Reducer achieves optimal O(n^2) message complexity for asynchronous MVBA while raising resilience to t < n/4 using only collision-resistant hashes.

A machine-rendered reading of the paper's core claim, the machinery that carries it, and where it could break.

The paper presents Reducer as an MVBA protocol that matches HMVBA's optimal message and bit complexity but improves fault tolerance from t < n/5 to t < n/4 in the asynchronous adaptive setting. It does so by introducing and composing with a new primitive called strong multi-valued Byzantine agreement, which forces the agreed value to originate from a correct process. A second protocol, Reducer++, further increases resilience to t < (1/3 - ε)n for any fixed ε > 0 by modeling hashes as random oracles, while preserving constant time and near-quadratic bit complexity. A sympathetic reader would care because these results narrow the long-standing gap between optimal complexity and optimal resilience in hash-based agreement without introducing new cryptographic assumptions beyond collision resistance.

Core claim

Reducer is an MVBA protocol that achieves O(n^2) message complexity, O(nℓ + n²λ log n) bit complexity, and O(1) time complexity while tolerating t < n/4 adaptive failures and relying exclusively on collision-resistant hash functions. Its design centers on an internal strong multi-valued Byzantine agreement (SMBA) primitive that guarantees any decided value was proposed by a correct process. Reducer++ extends the approach to t < (1/3 - ε)n for arbitrary constant ε > 0 by using random-oracle hashes to ensure termination, retaining the same asymptotic complexities with constants that depend on ε.

What carries the argument

Strong multi-valued Byzantine agreement (SMBA), a new variant of Byzantine agreement that ensures the decided value originates from a correct process and is used internally by Reducer to improve resilience without raising complexity.

If this is right

Hash-based asynchronous MVBA can now tolerate a larger fraction of adaptive faults while preserving the optimal O(n²) message complexity achieved by prior work.
SMBA serves as a reusable sub-protocol that enforces correct-process proposals inside larger agreement constructions.
Reducer++ demonstrates that random-oracle modeling allows resilience to approach the classical 1/3 bound arbitrarily closely while keeping time complexity constant and bit complexity quasi-quadratic.
The gap between optimal-complexity protocols and optimally resilient protocols is reduced, showing that collision-resistant hashes suffice for t < n/4.

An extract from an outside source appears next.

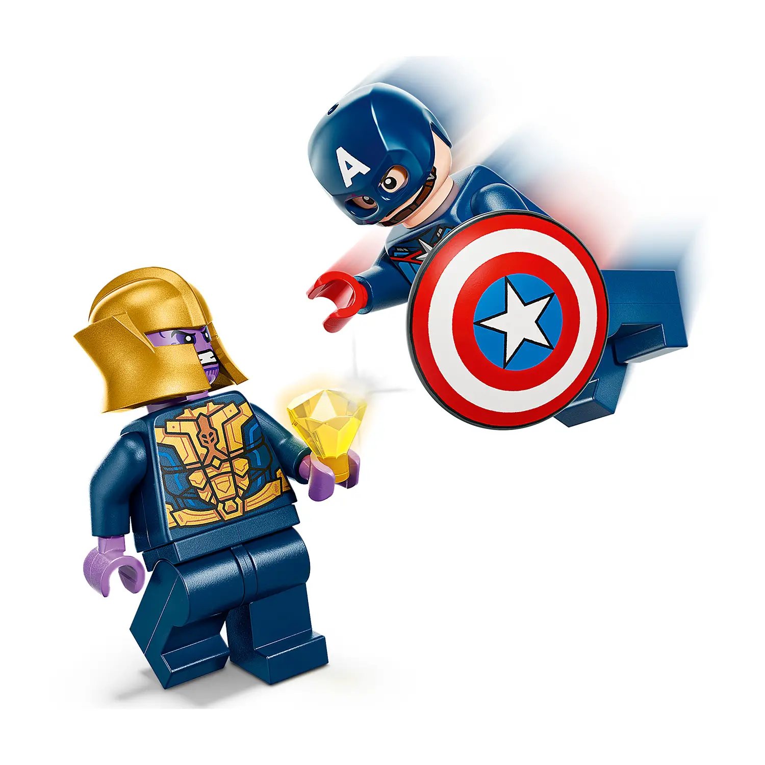 Minifigure incluse – Contiene Captain America con il suo scudo iconico e Thanos con il casco, pronti per lo scontro finale.

Where Pith is reading between the lines

These are editorial extensions of the paper, not claims the author makes directly.

The SMBA construction could be lifted to other primitives such as reliable broadcast or leader election that also require provenance guarantees.
Reaching exact t < n/3 without random oracles or with standard-model hashes remains open and would close the remaining resilience gap.
These protocols could be substituted into existing blockchain or consensus stacks to increase fault tolerance at essentially the same communication cost.

Load-bearing premise

The SMBA primitive can be realized with the claimed security and complexity bounds under only collision-resistant hashes, and this realization composes into the outer MVBA without extra assumptions on the adaptive adversary or message delivery schedule.

What would settle it

An explicit construction of SMBA (or a proof of its impossibility) that meets the stated security properties, O(n) message complexity, and near-linear bit complexity under collision-resistant hashes alone.

Figures

Figures reproduced from arXiv: 2410.12755 by Joachim Neu, Jovan Komatovic, Tim Roughgarden.

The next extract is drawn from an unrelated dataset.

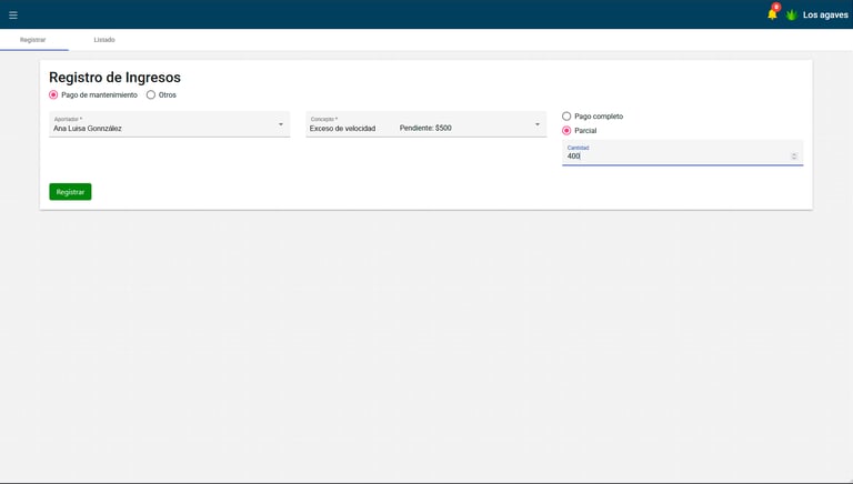 Registra las aportaciones de los residentes para cubrir tanto cuotas de mantenimiento, multas, o cualquier cargo que se les haya registrado.

**Figure 1.** Figure 1: Depiction of HMVBA’s structure. The depiction focuses on a good iteration k, where leader(k) has disseminated its valid proposal v ⋆ (k) and the corresponding digest z ⋆ (k). We abridge leader ≜ leader(k), z ⋆ ≜ z ⋆ (k), v ⋆ ≜ v ⋆ (k). Once process pi receives n−t = 4t+1 done messages, which implies that at least (n−t)−t = 3t+1 correct processes completed their dissemination, process pi broadcasts a finish… view at source ↗

**Figure 2.** Figure 2: Depiction of Reducer’s structure. The depiction focuses on a good iteration k in which the first two SMBA invocations decide adversarial digests z1 and z2, respectively. Finally, the third invocation decides the “good” digest z ⋆ (k) of the leader(k)’s valid proposal v ⋆ (k). See [PITH_FULL_IMAGE:figures/full_fig_p007_2.png] view at source ↗

**Figure 3.** Figure 3: Depiction of Reducer++’s structure. The depiction focuses on a good iteration k where correct processes decide on the leader(k)’s valid proposal v ⋆ (k) whose digest is z ⋆ (k). See Figs. 1 and 4 for “Dissemination” and “Trial” sub-protocols, respectively. We abridge leader ≜ leader(k), z ⋆ ≜ z ⋆ (k), v ⋆ ≜ v ⋆ (k). p1 p2 . . . pn z ⋆ z ⋆ z ⋆ Noise ϕ ϕ ϕ . . . z ⋆ z ⋆ z ⋆ z ⋆ z ⋆ z ⋆ hash(·, ϕ) hash(·, ϕ)… view at source ↗

**Figure 4.** Figure 4: Depiction of Reducer++’s adoption procedure. The depiction focuses on a case where ϕ happens to be such that the “good” digest z ⋆ (k) is smallest according to hash(·, ϕ) and is thus adopted by all correct processes. See [PITH_FULL_IMAGE:figures/full_fig_p010_4.png] view at source ↗

read the original abstract

Multi-valued validated Byzantine agreement (MVBA), a fundamental primitive of distributed computing, allows $n$ processes to agree on a valid $\ell$-bit value, despite $t$ faulty processes behaving maliciously. Among hash-based solutions for the asynchronous setting with adaptive faults, the state-of-the-art HMVBA protocol achieves optimal $O(n^2)$ message complexity, (near-)optimal $O(n \ell + n^2 \lambda \log n)$ bit complexity, and optimal $O(1)$ time complexity. However, it only tolerates $t < \frac15 n$ failures. In contrast, the best-known optimally-resilient protocol, SQ, incurs a higher bit complexity of $O(n^2 \ell + n^3 \lambda)$. This poses a fundamental question: Can a hash-based protocol be designed for the asynchronous setting with adaptive faults that simultaneously achieves optimal complexity and optimal resilience? This paper takes a significant step toward answering this question. Namely, we introduce Reducer, an MVBA protocol that retains HMVBA's optimal complexity while improving its resilience to $t < \frac14 n$. Like HMVBA and SQ, Reducer relies exclusively on collision-resistant hash functions. A key innovation in Reducer's design is its internal use of strong multi-valued Byzantine agreement (SMBA), a new variant of Byzantine agreement we introduce and construct, which ensures that the decided value was proposed by a correct process. To further advance resilience toward the optimal one-third bound, we then propose Reducer++, an MVBA protocol that tolerates up to $t < (\frac13 - \epsilon)n$ adaptive failures, for any fixed constant $\epsilon > 0$. Unlike Reducer, Reducer++ does not rely on SMBA. Instead, it employs a novel approach involving hash functions modeled as random oracles to ensure termination. Reducer++ maintains constant time complexity, quadratic message complexity, and quasi-quadratic bit complexity, with constants dependent on $\epsilon$.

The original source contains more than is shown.